Work to complete
Where a record contains an image, leave the image out and print the rest exactly.

-*-*-

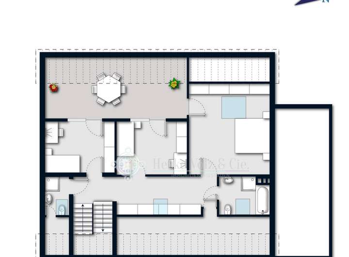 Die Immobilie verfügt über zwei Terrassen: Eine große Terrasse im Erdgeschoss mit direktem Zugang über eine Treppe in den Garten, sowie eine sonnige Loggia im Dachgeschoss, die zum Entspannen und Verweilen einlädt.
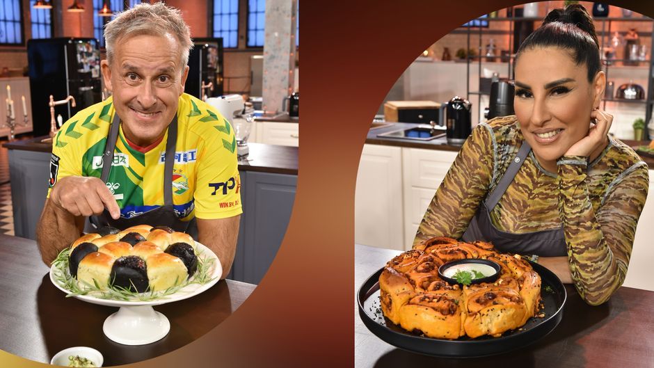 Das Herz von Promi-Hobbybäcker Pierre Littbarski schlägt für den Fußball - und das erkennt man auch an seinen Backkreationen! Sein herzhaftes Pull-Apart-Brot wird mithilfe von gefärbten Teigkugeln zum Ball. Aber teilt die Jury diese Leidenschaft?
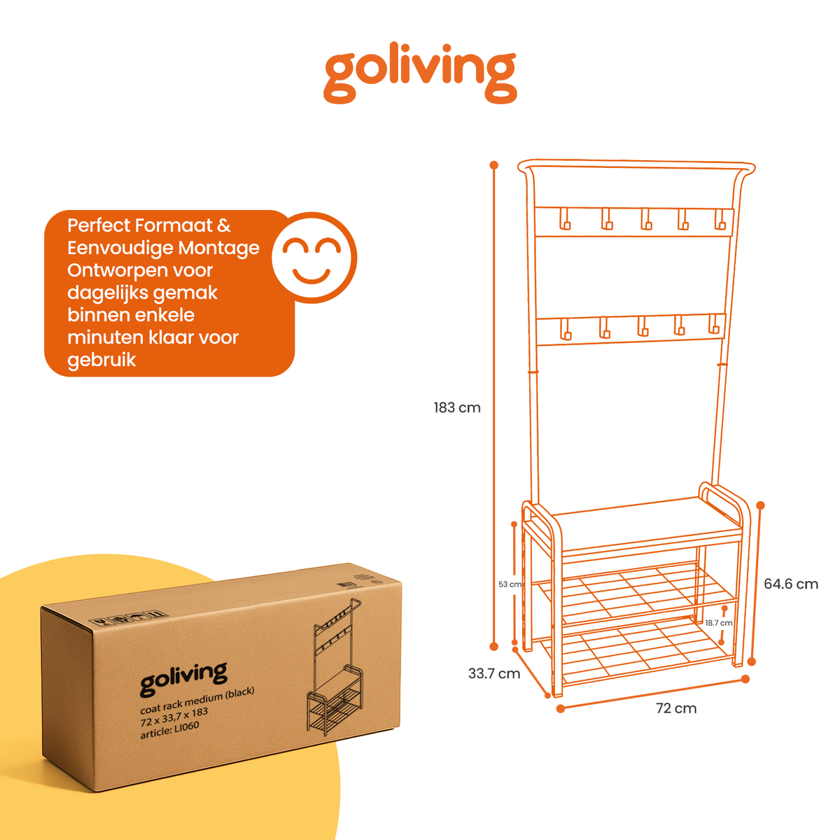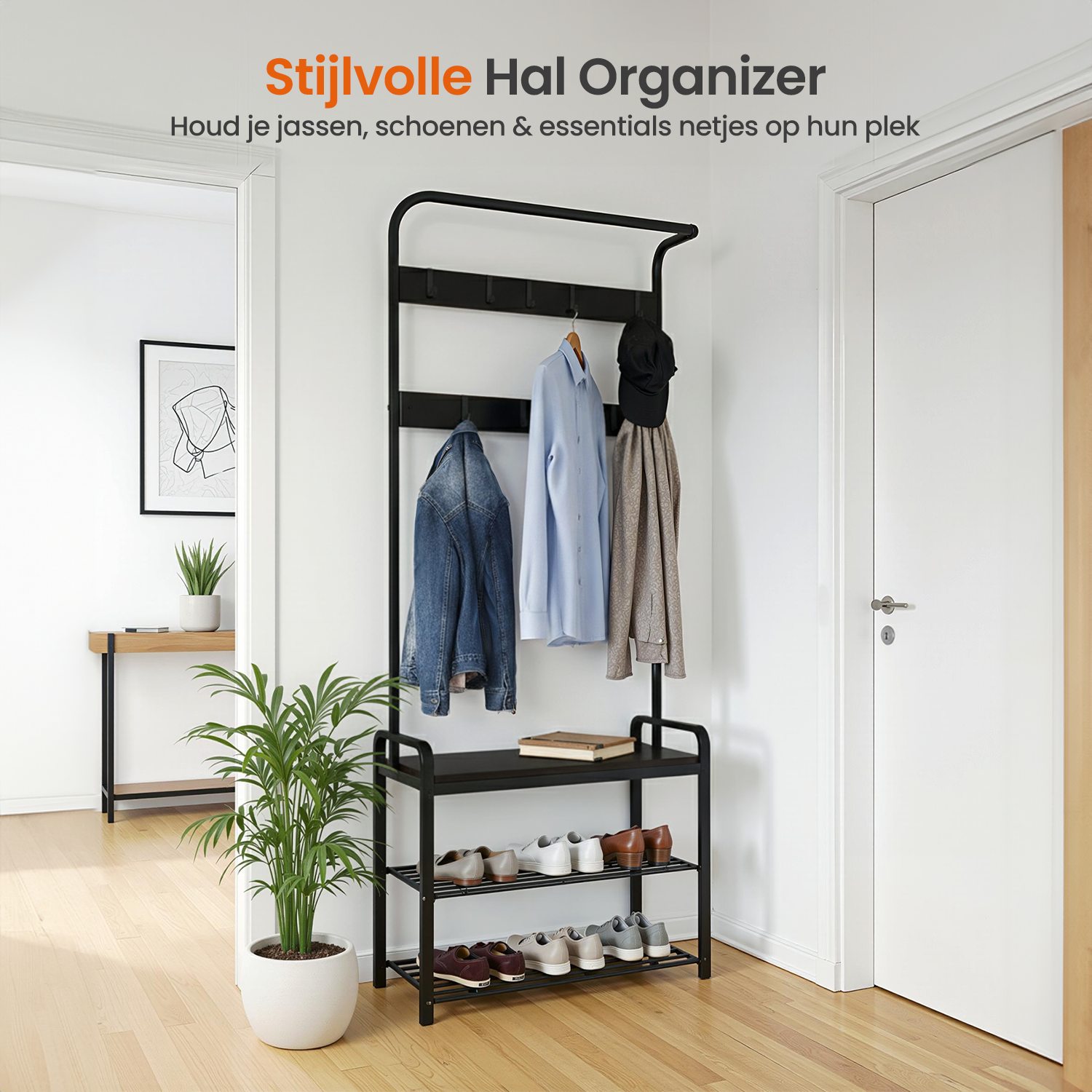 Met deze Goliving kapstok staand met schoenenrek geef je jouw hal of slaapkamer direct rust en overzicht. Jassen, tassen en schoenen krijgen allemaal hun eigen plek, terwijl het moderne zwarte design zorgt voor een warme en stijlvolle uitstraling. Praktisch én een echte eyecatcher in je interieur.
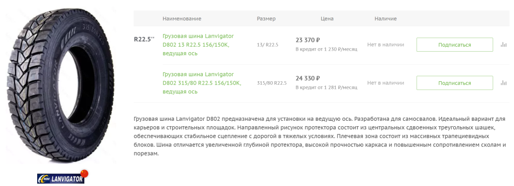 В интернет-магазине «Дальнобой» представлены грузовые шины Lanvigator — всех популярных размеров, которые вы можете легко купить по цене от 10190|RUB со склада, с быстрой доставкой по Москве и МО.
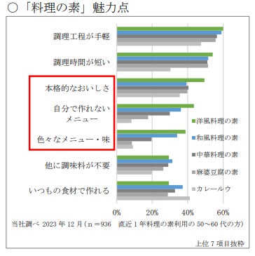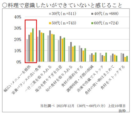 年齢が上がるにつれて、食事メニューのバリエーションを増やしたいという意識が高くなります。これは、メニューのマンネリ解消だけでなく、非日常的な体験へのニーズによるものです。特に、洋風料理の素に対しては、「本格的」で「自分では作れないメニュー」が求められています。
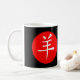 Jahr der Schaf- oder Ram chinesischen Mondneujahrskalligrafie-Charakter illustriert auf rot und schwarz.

-*-*-

Exercise response
 Die Immobilie verfügt über zwei Terrassen: Eine große Terrasse im Erdgeschoss mit direktem Zugang über eine Treppe in den Garten, sowie eine sonnige Loggia im Dachgeschoss, die zum Entspannen und Verweilen einlädt.
 Das Herz von Promi-Hobbybäcker Pierre Littbarski schlägt für den Fußball - und das erkennt man auch an seinen Backkreationen! Sein herzhaftes Pull-Apart-Brot wird mithilfe von gefärbten Teigkugeln zum Ball. Aber teilt die Jury diese Leidenschaft?
 Met deze Goliving kapstok staand met schoenenrek geef je jouw hal of slaapkamer direct rust en overzicht. Jassen, tassen en schoenen krijgen allemaal hun eigen plek, terwijl het moderne zwarte design zorgt voor een warme en stijlvolle uitstraling. Praktisch én een echte eyecatcher in je interieur.
 В интернет-магазине «Дальнобой» представлены грузовые шины Lanvigator — всех популярных размеров, которые вы можете легко купить по цене от 10190|RUB со склада, с быстрой доставкой по Москве и МО.
 年齢が上がるにつれて、食事メニューのバリエーションを増やしたいという意識が高くなります。これは、メニューのマンネリ解消だけでなく、非日常的な体験へのニーズによるものです。特に、洋風料理の素に対しては、「本格的」で「自分では作れないメニュー」が求められています。
 Jahr der Schaf- oder Ram chinesischen Mondneujahrskalligrafie-Charakter illustriert auf rot und schwarz.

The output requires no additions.